1 row available after 200 ms, consumed after another 0 ms

As can be seen from the Output.2 above, the column name for the resulting count is the function invoked COUNT(u.state). To assign a user friendly column name for the resulting count, execute the following MATCH query:

MATCH (u:User) WHERE u.state = 'nj' RETURN COUNT(*) AS Count;

On executing the above query, the results should look like the one shown below:

Output.3

+-------+
| Count |
+-------+
| 3     |
+-------+

1 row available after 41 ms, consumed after another 0 ms

One can combine the results from multiple MATCH queries to appear as one using the UNION clause. One constraint is that the column names have to be the same from the multiple queries.

The following is an example querying the property values of the keys uid and email from two separate MATCH queries:

MATCH (u1:User) -[g1:BELONGS_TO]-> () WHERE u1.state = 'tx' AND g1.context = 'pm' RETURN u1.uid AS Uid, u1.email As Email UNION MATCH (u2:User) -[g2:BELONGS_TO]-> () WHERE g2.context = 'pm' RETURN u2.uid AS Uid, u2.email AS Email;

On executing the above query, the results should look like the one shown below:

Output.4

+---------------------------------------+
| Uid       | Email                     |
+---------------------------------------+
| "gary"    | "gary.white@earth.com"    |
| "alice"   | "alice.pink@earth.com"    |
| "bob"     | "bob.green@earth.com"     |
| "charlie" | "charlie.brown@earth.com" |
+---------------------------------------+

4 rows available after 82 ms, consumed after another 7 ms

Let us now create an additional node with the label User by executing the following CREATE clause:

CREATE (Zion:User {name:'Zion Red', uid: 'zion', email: 'zion.red@mars.com', state: 'tx'});

On executing the above query, the results should look like the one shown below:

Output.5

0 rows available after 147 ms, consumed after another 0 ms
Added 1 nodes, Set 4 properties, Added 1 labels

Let us now relate the above created User node to the Group node called ProjectManagement by executing the following CREATE clause:

MATCH (u:User) WHERE u.uid = 'zion' CREATE (u) -[:BELONGS_TO {context: 'pm'}]-> (ProjectManagement);

On executing the above query, the results should look like the one shown below:

Output.6

0 rows available after 57 ms, consumed after another 0 ms
Added 1 nodes, Created 1 relationships, Set 1 properties

Verify the relationship was successful by executing the following MATCH query:

MATCH (u) -[:BELONGS_TO {context: 'pm'}]-> () RETURN u.name;

On executing the above query, the results should look like the one shown below:

Output.7

+-----------------+
| u.name          |
+-----------------+
| "Gary White"    |
| "Charlie Brown" |
| "Bob Green"     |
| "Alice Pink"    |
| "Zion Red"      |
+-----------------+

5 rows available after 29 ms, consumed after another 3 ms

To query the property value of the key uid with the value zion for all the nodes with the label User and delete the entries, execute the following MATCH query:

MATCH (u:User) WHERE u.uid = 'zion' DELETE u;

On executing the above query, the results should look like the one shown below:

Output.8

Cannot delete node<9>, because it still has relationships. To delete this node, you must first delete its relationships.

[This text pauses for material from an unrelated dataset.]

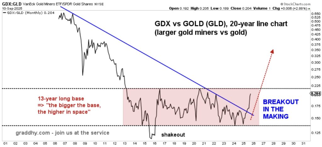 As shared 6 weeks ago, larger gold miners were breaking out vs gold above a 17-year trend line, i.e. larger gold miners just started a new bull market vs gold.

OOPS !!! What happened here ???

Remember from above, we created a relationship with the Group node called ProjectManagement. One needs to delete all the relationship(s) from a node before it can be targetted for deletion.

To delete User node for zion along with all the relationships to other nodes, execute the following MATCH query:

MATCH (u:User) -[r]- () WHERE u.uid = 'zion' DELETE r, u;

On executing the above query, the results should look like the one shown below:

Output.9

0 rows available after 34 ms, consumed after another 0 ms
Deleted 1 nodes, Deleted 1 relationships

Often times there is a need to bulk load data from external file(s). Neo4J provides facilities to load data from CSV files.

Since we are using a docker instance of Neo4J, we need to make few adjustments to our environment in order to import data from CSV files.

Exit off the cypher-shell and shutdown the running docker instance.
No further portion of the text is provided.